Of the more than 40,000 students at Texas Tech this year, some 400 are Jewish. That Friday on the Key, they found a welcome sight.
Chabad had come to Lubbock, Texas.
Rabbi Zalman and Chana Liba Braun moved to Lubbock earlier this year, to serve the needs of Jewish students at Texas Tech as well as the local Jewish community. With a population of 250,000, Lubbock was the largest remaining U.S. city without a Chabad presence.
Lubbock’s Jewish community traces its roots to the early 1900s, when a Jewish couple opened a dry goods store in the then-tiny town along the Santa Fe Railroad. Today, several hundred Jewish people call the city home. Andrea Herrera is one of them.

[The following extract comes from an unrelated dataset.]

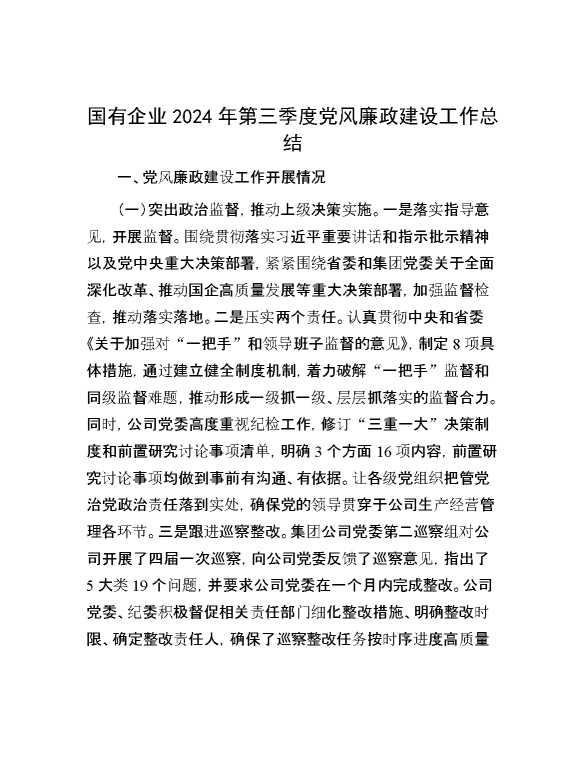 国有企业2024年第三季度党风廉政建设工作总结 2024-10-23 Word模板 64 购买前,请一定要先点击这里看看,欢迎持续关注,精彩模板每天推送 预览结束,本文件为word文档,一共7页,共3116字,请购买后,下载后查看 购买前,请一定要先点击这里看看,欢迎持续关注,精彩模板每天推送 资源下载下载价格29 RMBVIP免费升级VIP点击检测网盘有效后购买有任何充值和下载问题请加微信:xuexixuexi66 0 总结汇报

When the Brauns first visited Lubbock, Herrera and her husband Alex met them for coffee. “We spent an hour and a half kibitzing,” Herrera recalled. “They were trying to decide whether to move here.”
It wasn’t an easy decision. Lubbock is five hours away from the nearest Chabad house, hundreds of miles from the closest kosher supermarket or mikvah. But here was a community excited to welcome a new rabbi and rebbetzin. Here was a college — the sixth-largest in the state — that had never had Jewish infrastructure in its nearly century-long history.
The Brauns visited again, this time on Chanukah. They held a public menorah lighting on campus at Red Raider Plaza, and another at South Plains Mall, where the nascent Chabad center was greeted by Mayor Tray Payne and other public officials.
“It was very well attended, very public—it was wonderful,” Herrera said. “It was then that I began to realize that they were considering moving here.”
The Brauns hit the ground running, with a Purim party, Passover Seders, High Holiday services and Shabbat dinners. Jewish students welcomed the new Jewish presence on campus—eight of whom even joined the annual Chabad on Campus Shabbaton in New York, last week.
Nowadays, Chabad’s table on campus at Texas Tech is becoming a familiar sight, as Jewish pride takes off in northwest Texas.